Dr. Vilupanur Ravi, Chemical and Materials Engineering, Cal Poly Pomona

Start Date

17-11-2018 9:00 AM

End Date

17-11-2018 9:15 AM

Location

C164

Session

Oral 1

Type of Presentation

Oral Talk

Subject Area

engineering_computer_science

Abstract

Ceramic matrix composites (CMCs) couple the wear resistance of ceramics and the ductility of metals. They also can provide an alternative to the difficult issue of shape formation confronting all-ceramic components if they can be formed to near net shape. Directed Metal Oxidation is a method of fabricating CMCs to near net shape. The process can be engineered to produce a wide range of geometries of alumina matrix/aluminum composites with minimum machining and also allows for further reinforcement of the composite through the addition of constituents such as silicon carbide. In applications, e.g., pump impellers and housing, where a combination of erosion, wear and corrosion resistance are required, the CMCs could be an ideal choice. Plates of SiC-reinforced Al2O3/Al composites were fabricated from an Al-Si-Mg alloy using the Directed Metal Oxidation process. Coupons were prepared for a series of tests to characterize the microstructure, hardness and corrosion behavior of this ceramic matrix composite material. Microstructural characterization of the composite was accomplished through scanning electron microscopy coupled with energy dispersive spectroscopy (SEM/EDS) and optical microscopy. Vickers microhardness tests were conducted on the different phases of the composite and a microhardness profile along the direction of composite growth was obtained. Electrochemical tests were performed according to ASTM G59-97 using a 3.5 wt.% NaCl aqueous solution against a saturated calomel reference electrode and a platinum mesh counter electrode.

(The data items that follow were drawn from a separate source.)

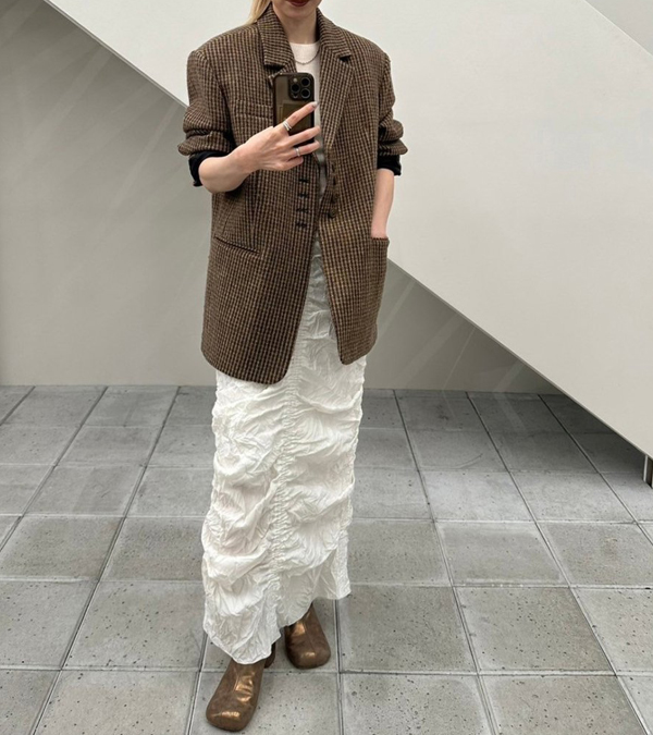 シンプルなスタイリングに取り入れるだけでこなれた印象に。
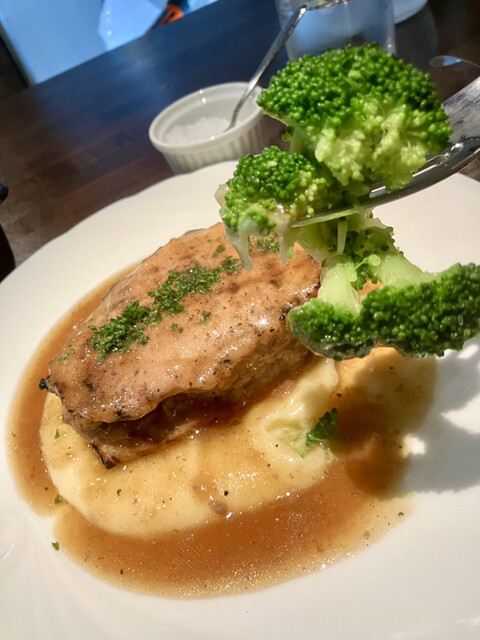 豚肉の外側は香ばしく焼き上げでありますが、ナイフを入れると中は絶妙な火加減でとても柔らかく、ソースの味も格別で口の中が半端ない幸福感で満たされます✨さらに肉の下にはマッシュポテトが敷いてあり、これにソースが染み込んでウマウマです♪
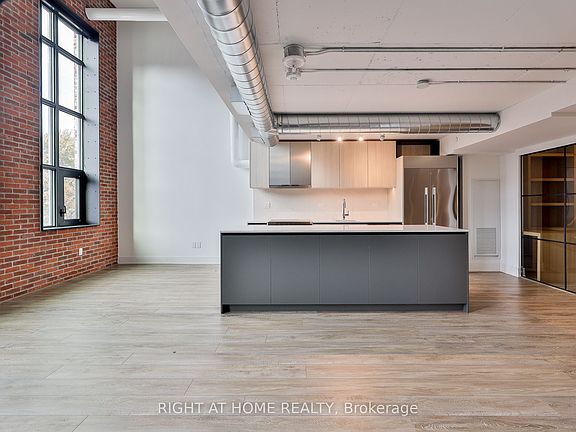 Something truly special at Wonder Condos - a sun-filled heritage loft with ideal west exposure, dramatic 17-foot ceilings, and original character throughout. Nearly 1,500 square feet of exceptional living space framed by soaring windows with integrated blinds, warm red brick accents, and a flexible floorplan accommodating up to three bedrooms. The upper loft is devoted to a serene primary suite with a generous walk-in closet and spa-like ensuite with dual vanities. A sprawling chefs kitchen anchors the main level, featuring an oversized island, abundant storage, premium appliances and induction range. Currently, the main floor includes a large office with custom built-ins and walk-in closet (easily reverted to a bedroom) plus a comfortable den, once a third bedroom. A full bathroom serves this level. Life at Wonder Condos offers a dynamic blend of history and modern convenience, with vibrant amenities including a rooftop terrace with BBQs and fire pits, co-working space, dog-wash station, well-equipped gym, and kids party room. Steps to the shops and dining of Queen East, and moments to Ashbridges Bay, Lake Ontario, and easy downtown/DVP access. An evolving neighbourhood within easy walking and cycling distance to the new Port Lands, Biidaasige Park, and the upcoming Ontario Line just blocks away. Exceptional space in a remarkable community.
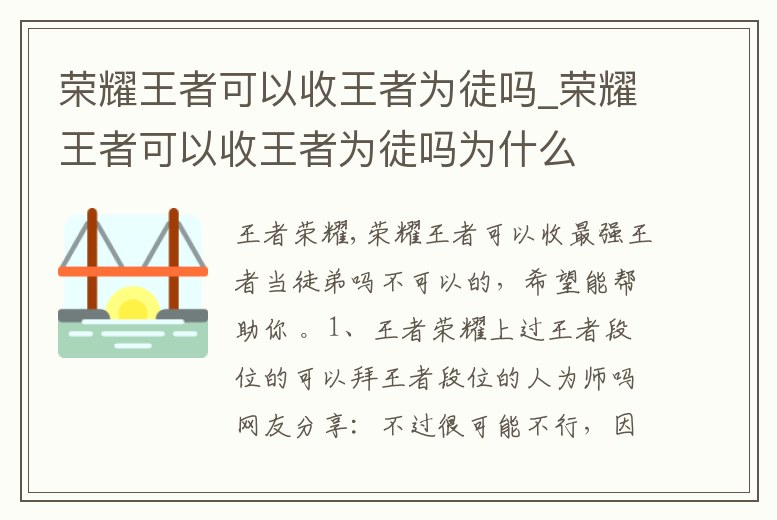 榮耀王者可以收王者為徒嗎_榮耀王者可以收王者為徒嗎為什么
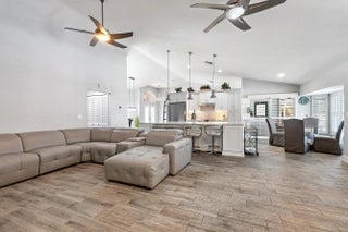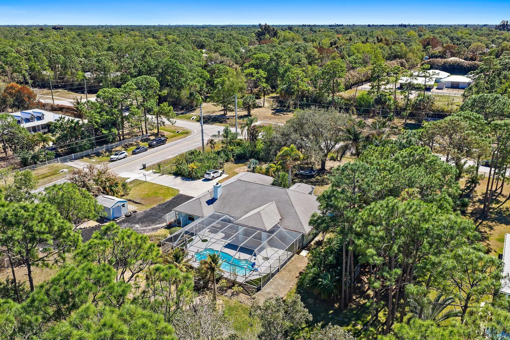 3 bedroom, 2 bathroom CBS home on 1.09 acres in Jupiter with no HOA, offering 2,374 sq ft under air in a single story layout. Designed with multiple living areas, the home provides flexibility for both everyday living and entertaining. Porcelain tile flooring runs throughout the main spaces, and the modern kitchen is positioned to connect seamlessly with the primary living and dining areas. Outdoors, enjoy an in-ground chlorine pool, over 300 sq ft of open porch space, and an expansive yard. The 1.09 acre lot offers generous room for RVs, boats, additional storage, or future enhancements. Additional features include electric forced air HVAC, a tankless water heater, partial impact windows with hurricane screen protection on select openings, a recently pumped septic system, and a 680 sq. finished garage. Located in Jupiter with no HOA restrictions, offering space and versatility in a desirable setting.
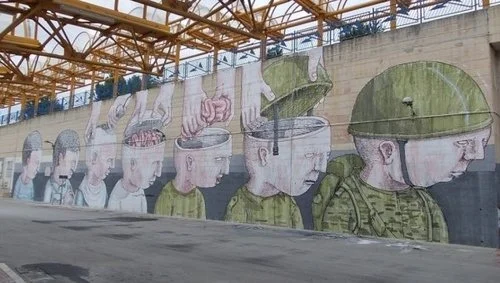 Blu is the pen name of an artist currently living in Bologna Italy. We don’t know his real name and may never know. When you even search up what he looks like in google the closest image we get of him is a shady man (or woman?) in a hoodie. Seems like a deepthroat sort of mystery with an artistic twist.
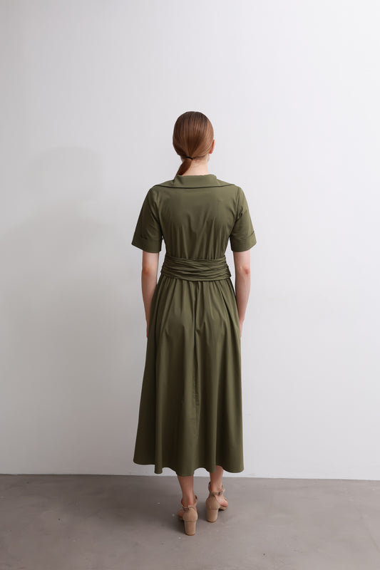 Dark Green Waist Tie Dress
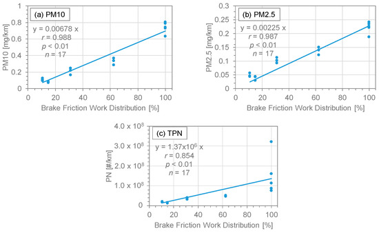Based on the GTR at the time of this experiment, we calculated the brake wear particle emission factor for electrified vehicles from the emission factor of FFB vehicles using the so-called friction brake share coefficients [11]. A coefficient of 0.63 is specified for hybrid electric vehicles (HEVs, NOVC-HEV Cat. 1), 0.3 for plug-in hybrid electric vehicles (PHEVs, OVC-HEV), and 0.15 for fully electrified vehicles (PEV). Scatter plots of the PM10, PM2.5, and TPN emission factors versus the distribution of brake friction work, measured for each regenerative braking condition in this experiment, are shown in Figure 7. In this experiment, although there was little variation in the frictional work (Figure 3) and brake temperature (Figure 6) measured for each distribution of brake friction work, there was a linear correlation for PM10 and PM2.5 and a curvilinear correlation for PN. For PM10, the brake wear particle emission factor for electrified vehicles according to GTR, calculated from the emission factor for FFB vehicles using the friction brake sharing coefficient, seemed to provide reasonable results. However, in the FFB conditions of the TPN, there was much variation because of the unstable condition of the pad surfaces of the electric vehicle brakes (which were not designed for high braking temperatures) measured under FFB conditions or because of insufficient bedding, which resulted in unstable measurements.
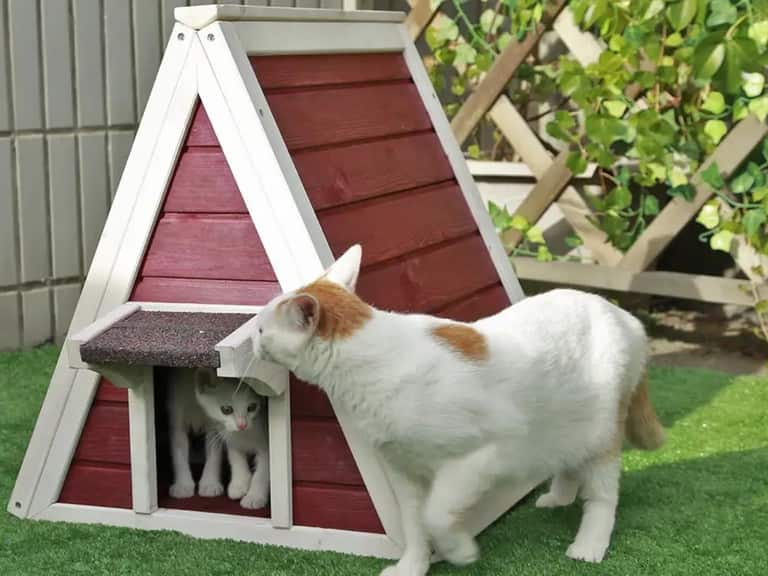 A heated cat house can look like any other type, except for its heating system inserted inside. For this house kind, you need to purchase a heating system as an additional purchase. The additional purchase should follow your budget limits, evidently. Don't forget to ensure the safety in use for your pet as well.
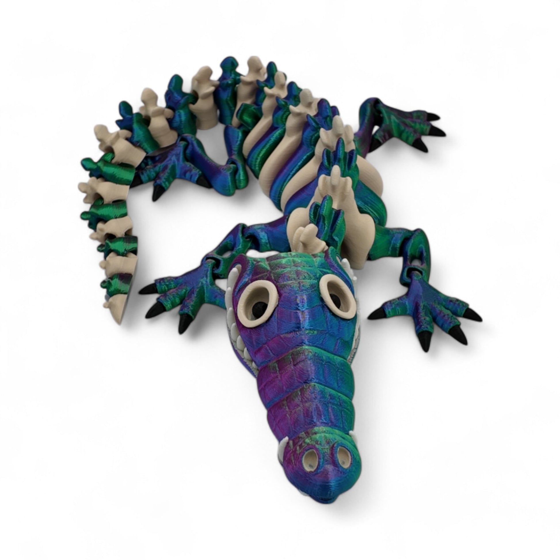 Unleash prehistoric power and modern relaxation with the Adult Skeleton Crocodile – a bone-themed, fully articulating figurine printed in eye-catching vibrant colors. Designed for motion and display, this skeletal beast offers both a bold visual statement and calming fidget functionality.

Summary of research results to be presented

Microscopy show the formation of a ceramic-ceramic composite structure along with residual metal. The Vickers microhardness showed that the SiC phase had the higher hardness value {2385 ± 145 HV (N=14)} in comparison to the Al2O3/Al matrix {(867 ± 352 HV} phase. The coupon reinforced with 120 grit SiC had a higher value of corrosion potential, Ecorr, indicating that the material was more stable (“noble”) (-434 mV Vs SCE as compared to -668 mV Vs SCE). The 240 grit SiC-reinforced coupon had a lower corrosion current, icorr, (6.1 µA/cm2 Vs 13.4 µA/cm2) which corresponds to a lower rate of corrosion and a higher resistance to polarization relative to the 120 grit SiC (9790 Ω-cm2 Vs 3317 Ω-cm2).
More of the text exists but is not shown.